Lyn throws Marcos a big double-30 Queerceañera on “Vida” (Starz, 9 p.m.).

This week’s episode of “Killing Eve” (BBC America, AMC, 9 p.m.) is titled “End of Game,” but it probably isn’t.

A brother and sister take on “The Wall” (NBC, 10 p.m.).

“The Real Housewives of Atlanta” (Bravo, 8 p.m.), Britten and Kendra bond over their backgrounds.

Cassie goes to an estate sale on “Good Witch” (Hallmark, 9 p.m.).

There’s a new “Last Week Tonight with John Oliver” (HBO, 11 p.m.), right on time for a change.

Actor Danny Aiello, who died in December at 86, finally gets a tribute on Turner Classic Movies with “The Purple Rose of Cairo” (8 p.m.) and “Moonstruck” (9:45 p.m.).

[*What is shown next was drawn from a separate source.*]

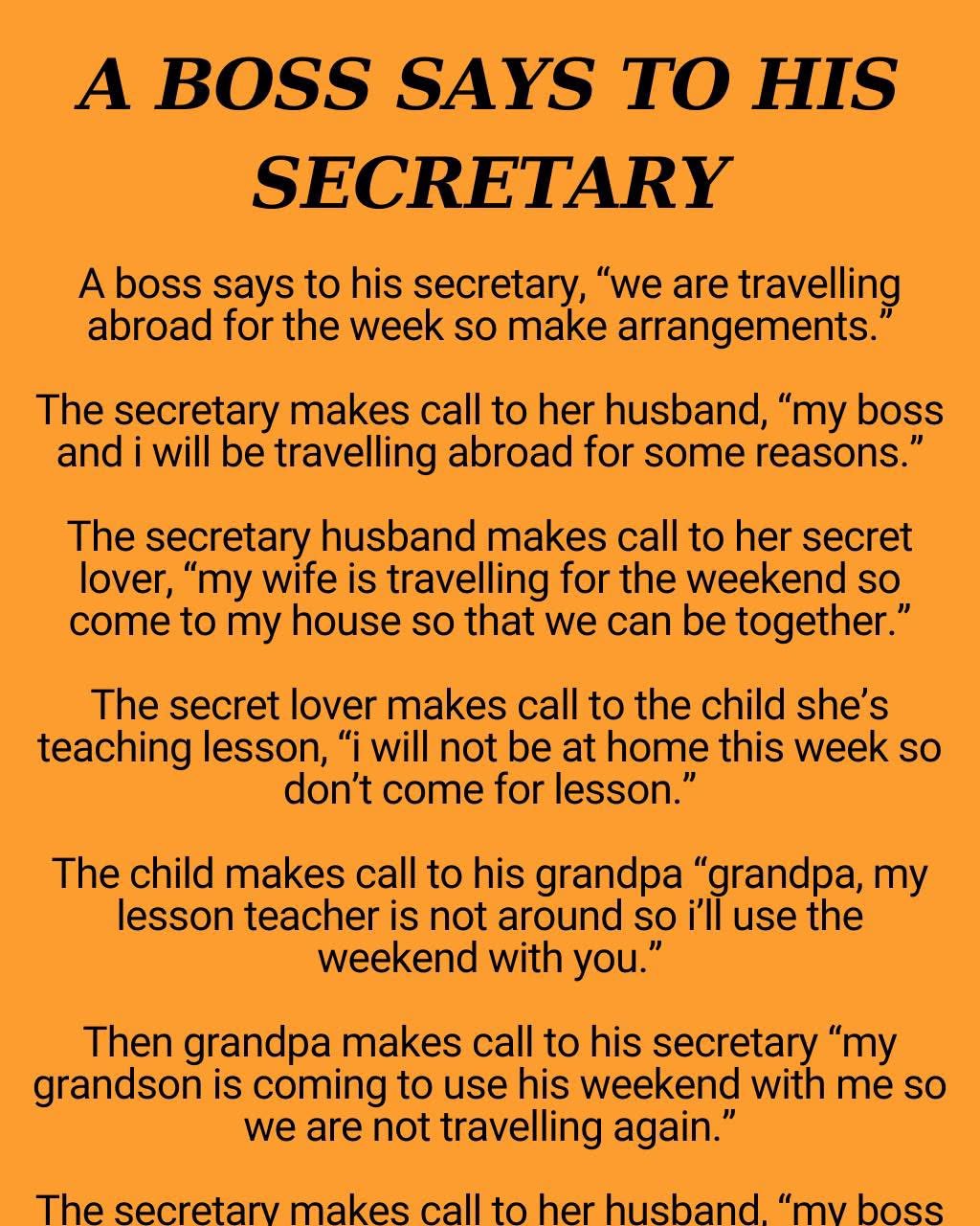 The secretary makes call to her husband, “my boss said his grandson is coming to use weekend with him, so our trip is cancelled.”

It’s followed by the silent “Shoes” (midnight) and Roger Vadim’s “Don Juan (Or if Don Juan Were a Woman)” (2 a.m.), followed by the documentary “Vadim Mister Cool” (3:45 a.m.).

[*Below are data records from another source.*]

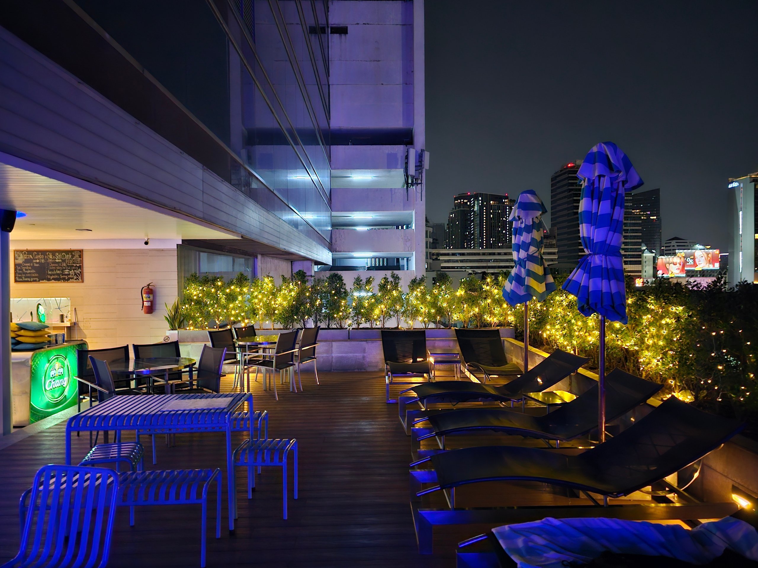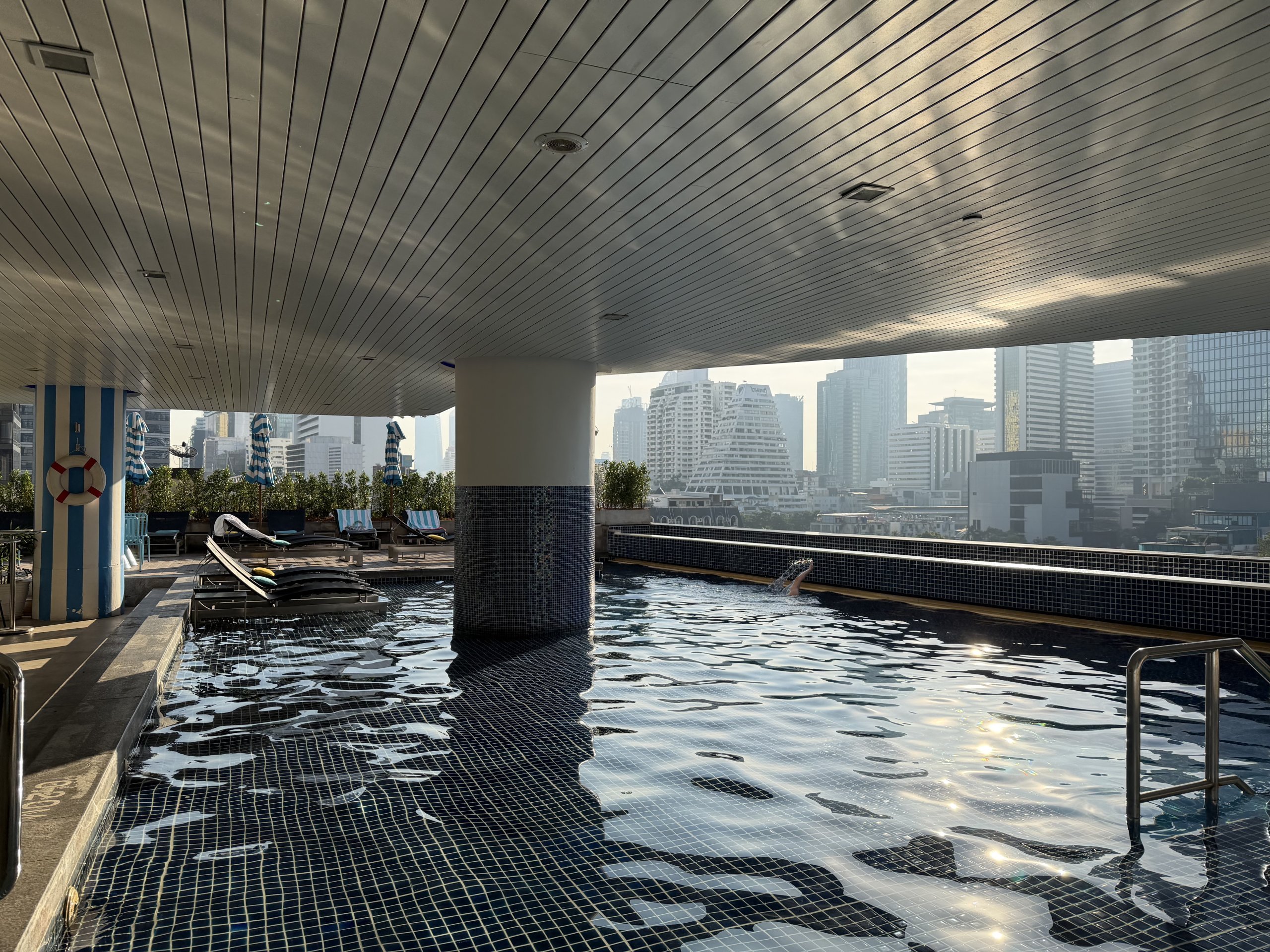 Η πισίνα δεν είναι εξαιρετικά μεγάλη, αλλά έχει ένα σημαντικό πλεονέκτημα - θέα στον ορίζοντα της Μπανγκόκ, συμπεριλαμβανομένου του 2ου ψηλότερου ουρανοξύστη , King Power Mahanknhon.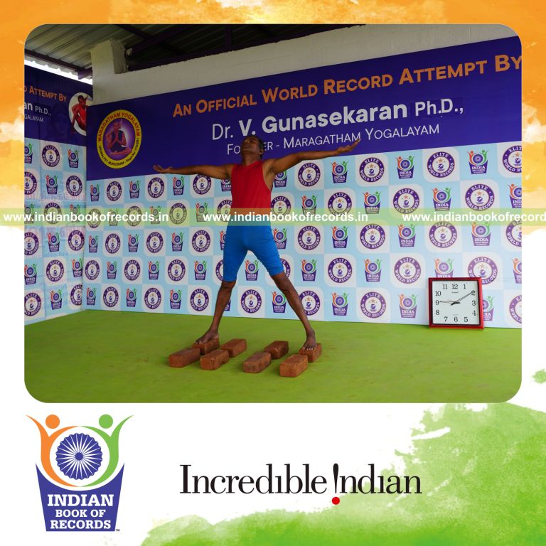 The Longest Duration Holding Pirai Chaturmukha Trikonasana Yoga Pose on Bricks by an Individual (Male) lasted for 2 Minutes and 1 Seconds. It was accomplished by Dr.V.Gunasekaran, Founder-Maragatham Yogalayam at Udumalpet, Tirupur District, Tamil Nadu, India on September 28, 2019.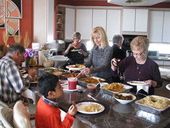 . (Left) A group photo with some of the guests, (Right) At the lunch serving,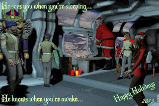He entered the shuttle bay and smiled to his loyal crew as he stepped up to the sleigh. His wife gave him a kiss and a smile, better tonic than any bottle of rum.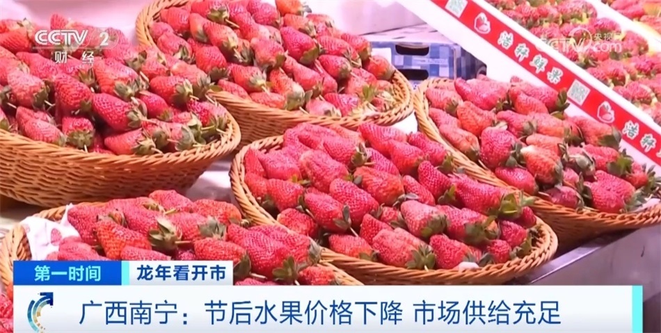 春節(jié)假期過后,在廣西南寧,記者走訪發(fā)現(xiàn)水果市場有所“降溫”,大家想要品嘗車厘子、草莓等水果正是好時機。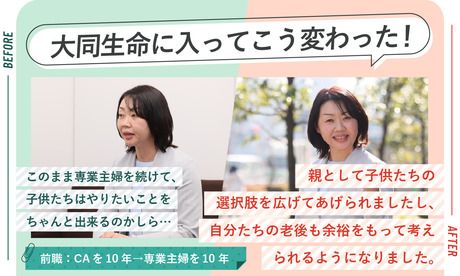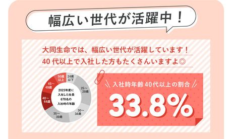 職場環境 【従業員構成】 当社社員の入社時の平均年齢は【34.5歳】(2023年度) 自分自身の新しい人生を歩みたい方を大同生命は応援します! 「家庭に専念していたが復職したい」 「子育てと両立し働きたい」 などの理由で入社される主婦・子育てママさんが多数います。 【この仕事を通して身に付くこと】 「働きやすさ」「長く勤めている女性の多さ」「年齢不問」という点に魅かれて入社した人が多数! 未経験でも活躍できている理由は、研修制度にあります。 ビジネスマナーや税務、マネジメントなど、年次・役職に応じて種類豊富にご用意。さらに、PCで視聴できるなど、個々人の必要に応じて学べる環境を整えています。 また、資格取得も推奨。「ファイナンシャル・プランニング技能士」3級はプランナーの6割が取得済です。

Sports return gingerly with the TaylorMade Driving Relief Golf Tournament (Golf, NBC Sports, 2 p.m.) from Florida, and NASCAR’s Darlington 400 (Fox, 3:30 p.m.), the first auto race in two months.

Sunday Talk

ABC: Sen. Bernie Sanders, White House trade adviser Peter Navarro. CBS: Health and Human Services Secretary Alex Azar, Rep. Nancy Pelosi, Gary Gohn, former FDA commissioner Scott Gottlieb, Feeding America CEO Claire Babineaux-Fontenot. NBC: Navarro, Dr. Tom Inglesby. CNN: Azar, Sen. Ron Johnson, Govs. Gavin Newsom and Mike DeWine. Fox News: Colorado Gov. Jared Polis, Mohamed El-Erian, former CDC director Tom Frieden.